Patching Cracks & Potholes

Cracking is often a sign of sub-base failure, poor drainage, or repeated over-loadings. It is important to prevent this type of breakdown, and repair as soon as possible, because advanced cases can be very costly and can lead to potholes or early pavement failure. Expect to pay between $100 and $300 to fix a pothole or crack in your asphalt.
Be sure to distinguish between labor and materials. If the problem is small, you could purchase the necessary materials, and take care of the fix itself. In that case, you can pay between $20 and $40 for a 50-pound bag of solution. However, hiring a professional means making sure that the issue gets fixed the right way, and avoids potential problems down the road.
If your asphalt is suffering from cracking, your professional may need to figure out the cause and implement fixes so that this doesn't continue to happen. While this might cost you more money up front, it will surely save you money in the long run since you won't have to keep having repairs made.

Cost Per Square and Linear Foot

The expense needed to fix asphalt cracks and potholes comes down to the size of the damage. In addition, the price to eliminate a pothole tends to be calculated by square footage, while cracks are estimated using linear footage.
Most professionals will charge between $1 and $3 per linear foot to fix a small crack. Meanwhile, they’ll will likely charge you between $2 and $4 per square foot to fix a pothole.

Infrared Repair

Infrared repair can help to restore your paving and eliminate its defects. The infrared lighting heats the damaged surface, helping to remove it. Then, new asphalt can be added in order to fix the blemish.
Patches tend to be more seamless, and settling of the surface is more unlikely than it would be for other methods.

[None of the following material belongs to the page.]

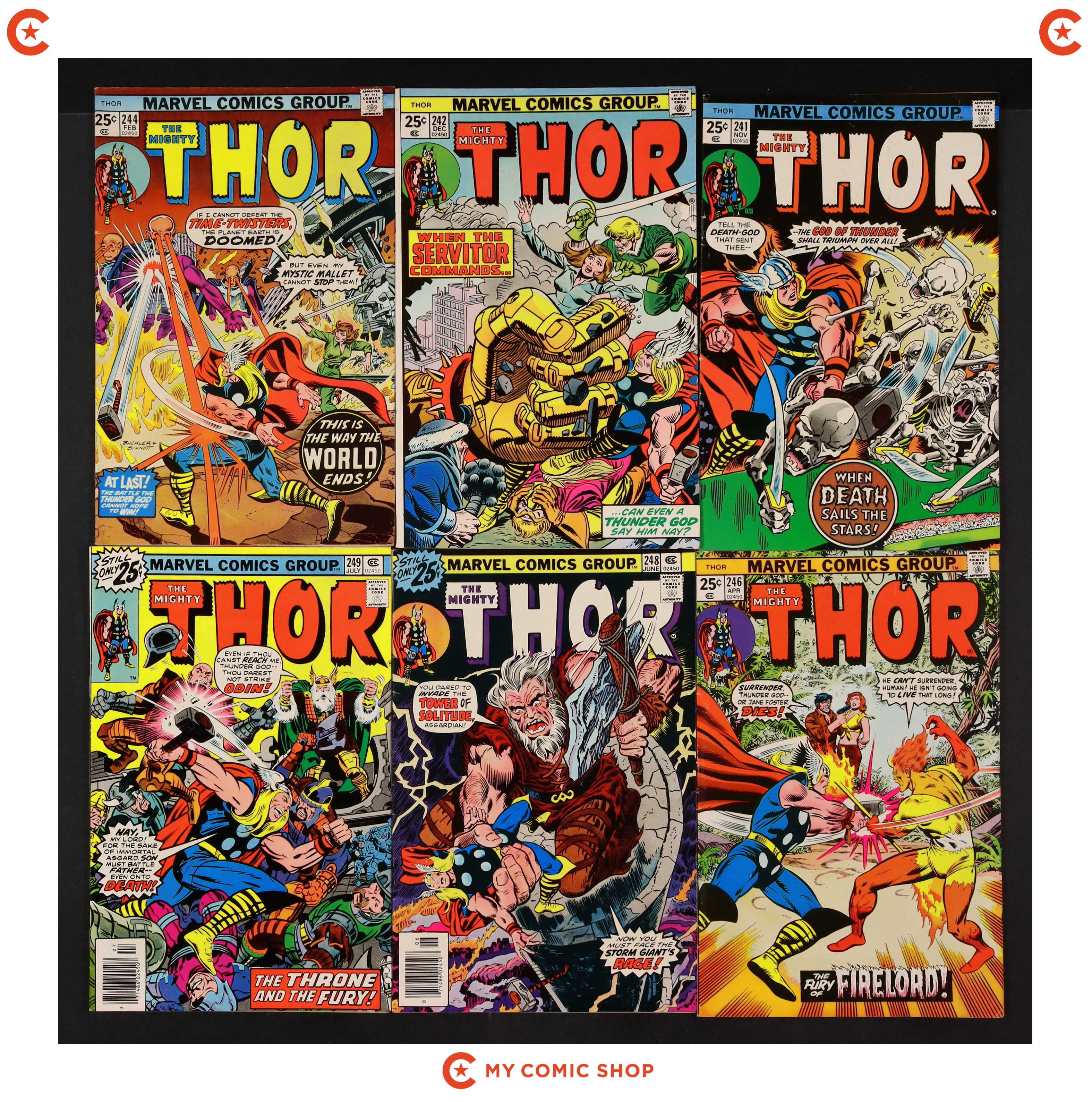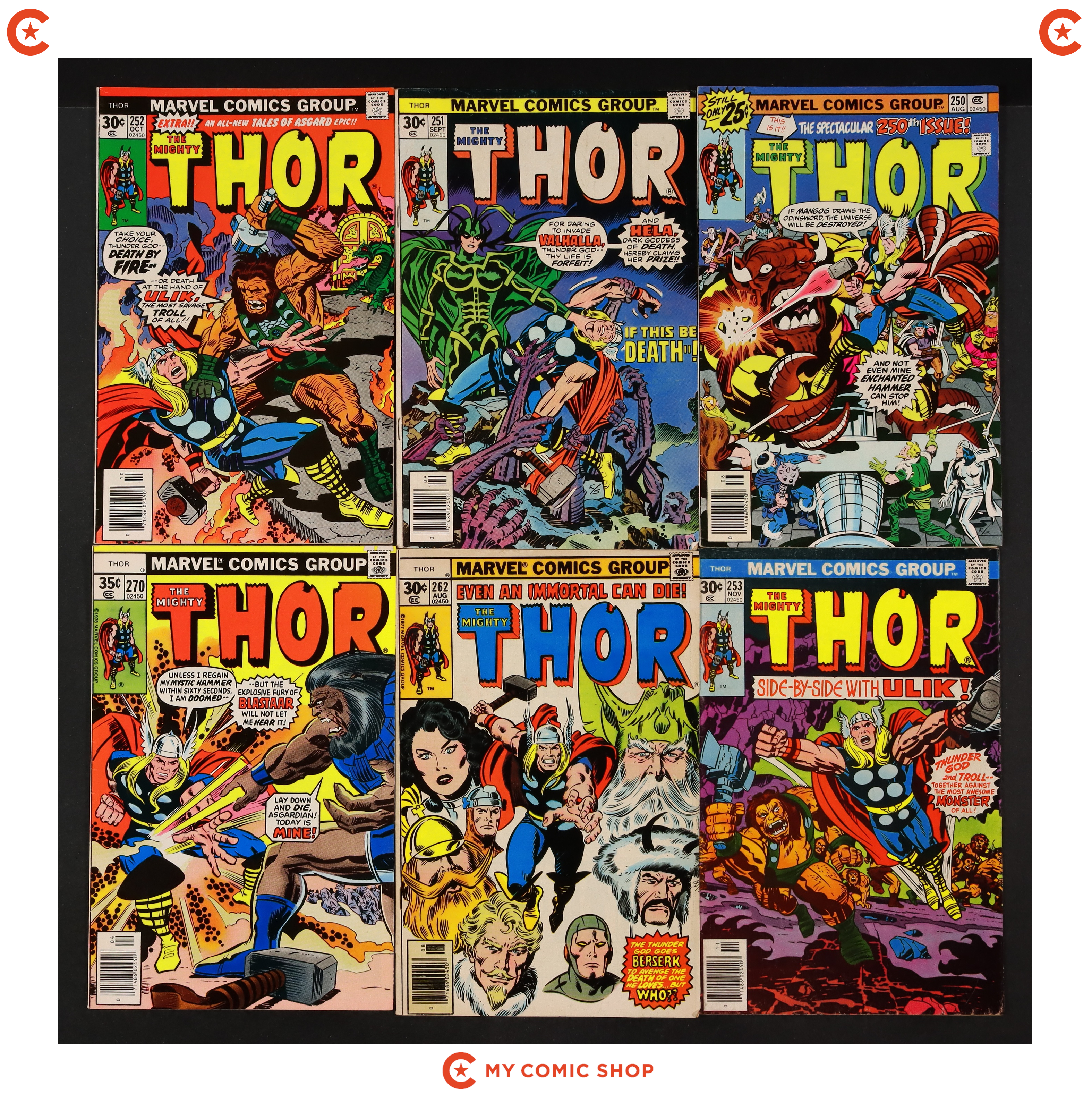 Issues 241, 242, 244, 246, 248-253, 262, and 270 of Thor (1962 Marvel 1st Series Journey Into Mystery). Most will grade in the FN range with a couple grading VG.

In other words, this type of fix makes it less likely for future potholes to form on your surface.
While more expensive than some of the simple patches mentioned above, infrared is significantly more cost effective than full replacement or large patch jobs. It will cost up to 50% less than traditional patch repairs done by professionals, typically between $100 and $250 depending on the size.

Hot/Cold Patch

Hot and cold patching may be the two most common options to fix small cracks and potholes. Cold patch refers to previously mixed asphalt, which can simply be poured and packed into opening. It's a quick fix, and works best for temporary solutions until a more permanent alternative is in place. A 50 pound back of mixed cold patch costs between $10 and $20.
Hot patching, meanwhile, is a more complex process. It includes excavating the area around the pothole or crack, then filling hot material into the opening. Because this method goes beyond surface level, it tends to be more beneficial in the long run. That also means you should use professionals, who can take care of your asphalt using the hot patch method for $100 to $500 depending on the size of the issue.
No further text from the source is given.